If you enjoy Jim Butcher, his Codex Alera series was an interesting take on magic/sorcery and some interesting world building using roman concepts/politics.

If you enjoy the Dresden Files another easy read/listen is the Iron Druid series by Kevin Hearne: https://kevinhearne.com/novels/

Run to Win. Pass To Score
Josh Jackson on Ricky Walker - ““He is the captain of this team, He’s the leader. He’s the bell cow, the Pail Holder.“

Noted, thanks for recommendations!

I have read all of Jim Butchers works.

American Gods by Neil Gaiman. I picked it up on the recommendation of a friend about a year ago and was not able to put it down. It quickly became one of my favorite books, I've reread it at least twice since I first finished it.
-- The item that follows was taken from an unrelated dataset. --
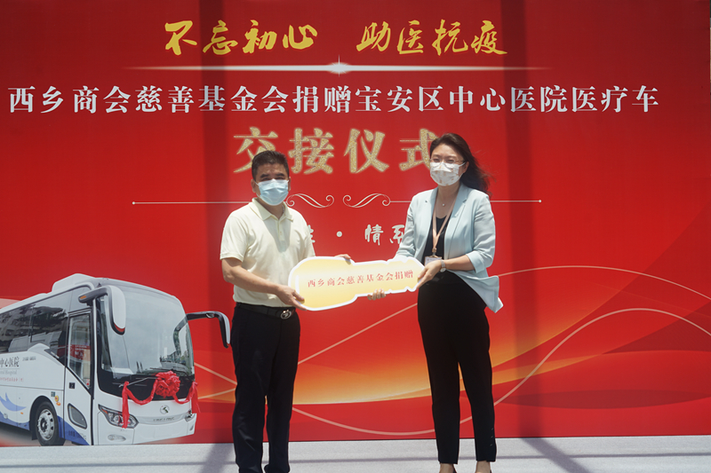 疫情发生以来,西乡防疫抗疫任务占全区的20%,宝安中心医院承担了发热门诊、核酸检测、疫苗接种任务,在压力大、时间紧、任务重、人手不足的情况下,西乡街道各部门、各社区想方设法为医院解决抗疫的实际问题,齐心协力做好防疫工作,多次受到市、区相关领导肯定。在此期间,西乡街道工商联(商会)、慈善基金会也捐赠了大量物资,向多个疫情防控一线积极开展慰问工作,此次捐赠的多功能移动医疗车是一台可提供常规体检、核酸检测、疫苗注射等功能的专用车辆,车上配装X光机、心电图机、超声检查等多种先进医疗仪器设备,可进行内外科的常规检查,包括胸部正位片、心电图、彩超、抽血等多个项目。同时,这台价值175万的多功能医疗车也可根据需要“变身”为核酸采样车和流动的疫苗接种车,将成为西乡防疫工作的一把利器。

Haters gonna hate, potatoes gonna potate, and hetzers gonna hetz

Liked it, but didn't love it.

Just finished it in prep for the new TV series, and was surprised to find near Blacksburg as one of the locales. Would have liked to have run into Gaiman as he was making his US tour, but probably would have had no idea who he was at that time.

Wait, what?

Wow this is such broad a topic. 3 of my 5 recommendations are non-fiction, but they still read like stories, so included them anyways. Here we go...
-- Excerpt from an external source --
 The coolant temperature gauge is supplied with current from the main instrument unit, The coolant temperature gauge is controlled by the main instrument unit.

  • The Power of One - A 'coming of age' novel about a white boy growing up in apartheid South Africa during the second world war. The story is told in the first person, starting when the boy is 5, going until he is a young adult. The book has a Forest Gump feel to it. You'll laugh, cry, feel excitement, frustratation, embarrassment, relief and almost every other emotion possible. Strongly recommend this book to everyone.
  • Hitch Hiker's Guide to the Galaxy - A classic, whimsical book that everyone should read. Easy, quick, fun read. Reminds you of our insignificance in this universe, while also reminding you to laugh, and appreciate the little things.
  • Hyena - this is one of my favorite books, but it's not for everyone. It's a memoir in the form of 10 or so short stories, written by 'Rude Jude' Angelini, a dj and former television personality. It's extremely crude and vulgar (most stories focus on sex and/or drug use), so if you get offended by those things, I'd skip this, but I've never read a book that has straddled the line between comedy and tragedy so well. During each short story, you find yourself laughing hysterically, until you get to the end, at which point, you realize how sad the story actually is.
  • Those guys have all the fun - Non-fiction story about the start, struggles and eventual rise of ESPN. At some points it's a little dry, but it's really cool having ESPN personalities (the good ones... Dan Patrick, Stewart Scott, Chris Fowler, Hannah Storm, etc.) and famous athletes/coaches discuss the network, and recall historical events (both sports related and not). Chris Fowler has a pretty good piece about 4/16.
  • Walter Isaacson's Biography of Steve Jobs - If you have any interests in tech, the start up scene, or any of that, you have to read this. Jobs is the original start up founder, and easily one of the most fascinating, polarizing, bizarre, genius people in the history of technology and business. He is somehow an excellent case study in both how to lead people, and how not to lead people.

BONUS:
A Brief History of Time by Stephen Hawking - first read this book when I was 15ish, and I've read at least 5 times since. It changed my outlook on the universe, opinions about god, politics etc. Each time I read it, I found that I understood it better and better than the previous time (it helped that I read it once before college, at least once during, and at least once after I graduated with my engineering degree from VT). This book has done more to shape me than any other book I've ever read.

BONUS #2
Shoe Dogs by Phil Knight - this is the story of the start of Nike, basically from inception right until they became a world power. I read it while traveling this winter, and I loved it, Finished in 2-3 days. I actually read it right after finishing The Inner Game of Work, and it was really interesting to read about coaching/management/leadership strategies in the work place, and then immediately read how Phil Knight (unknowingly) used a lot of similar strategies while starting Nike.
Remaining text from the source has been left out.